As a solar system forms, the young disk is initially bright and thick with dust. Within the first 10 million years or so, gaps appear within the disk as planets form and clear out paths. In time, this debris disk thins out as gravitational interactions with planets slowly sweep away the dust. Steady pressure from the starlight and stellar winds also blow out the dust. After approximately 10 million years, only a thin ring remains in the outermost reaches of the system, which is known as a debris disk. Credit: NASA/JPL-Caltech/R. Hurt (SSC/Caltech)

Dust as a decoder ring

Think of the debris disk of Beta Pictoris as a very busy, elliptical highway—except one where there aren't many traffic rules. Collisions between comets and larger rocks can produce fine dust particles that subsequently scatter throughout the system.

"After planets, most of the mass in the Beta Pictoris system is thought to be in smaller planetesimals that we can't directly observe," Chen explained. "Fortunately, we can observe the dust left behind when planetesimals collide."

This dust is where Chen's team will focus its research. What do the smallest dust grains look like? Are they compact or fluffy? What are they made of?

"We'll analyze Webb's spectra to map the locations of dust and gas—and figure out what their detailed compositions are," Chen explained. "Dust grains are 'fingerprints' of planetesimals we can't see directly and can tell us about what these planetesimals are made of and how they formed." For example, are the planetesimals ice-rich like comets in our solar system? Are there signs of high-speed collisions between rocky planetesimals? Clearly analyzing if grains in one region are more solid or fluffy than another will help the researchers understand what is happening to the dust, and map out the subtle differences in the dust in each region.
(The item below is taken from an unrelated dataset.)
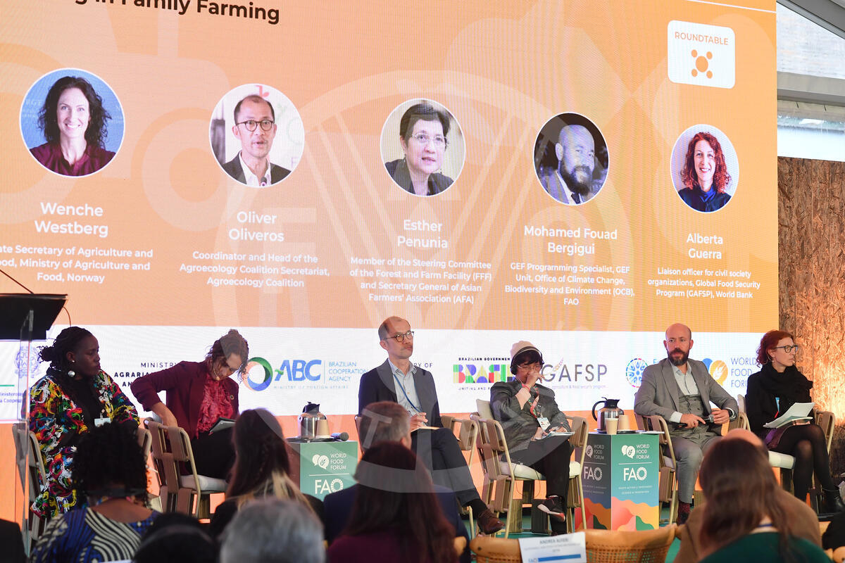 16 October 2024. Farm Venue, FAO Headquarters, Rome, Italy. View of the speakers at the Investing in Family Farming event
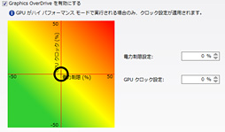 このドライバは,R9 290Xを差したシステムに導入すると,AMD OverDriveがアップデートされているのを確認できる。従来,「電力制限設定」と「GPUクロック設定」は個別になっていたが,R9 290Xではそれらがリンクし,横軸が電力制限,縦軸がGPUクロックの2次元マップから選択する格好になった。自己責任を覚悟すれば,このマップを使って,どの程度“無茶”なのかを色で判断しながら,OverDrive設定を行えるようになったわけである。

"I'm looking forward to analyzing Webb's data since it will provide exquisite detail," added Cicero X. Lu, a team member and a fourth-year Ph.D. student at Johns Hopkins University in Baltimore. "Webb will allow us to identify more elements and pinpoint their precise structures."

In particular, there's a cloud of carbon monoxide at the edge of the disk that greatly interests these researchers. It's asymmetric and has an irregular, blobby side. One theory is that collisions released dust and gas from larger, icy bodies to form this cloud. Webb's spectra will help them build scenarios that explain its origin.

The reach of infrared

These research programs are only possible because Webb has been designed to provide crisp, high-resolution detail in . The observatory specializes in collecting infrared light—which travels through gas and dust—both with images and spectra. Webb also has another advantage—its position in space. Webb will not be hindered by Earth's atmosphere, which filters out some types of light, including several infrared wavelength bands. This observatory will allow researchers to gather a more complete range of infrared light and data about Beta Pictoris for the first time.

These studies will be conducted as part of Webb Guaranteed Time Observations (GTO) and General Observers (GO) programs. The GTO programs are led by scientists who helped develop the key hardware and software components or technical and inter-disciplinary knowledge for the observatory. GO programs are competitively selected using a dual-anonymous review system, the same system that is used to allocate time on the Hubble Space Telescope.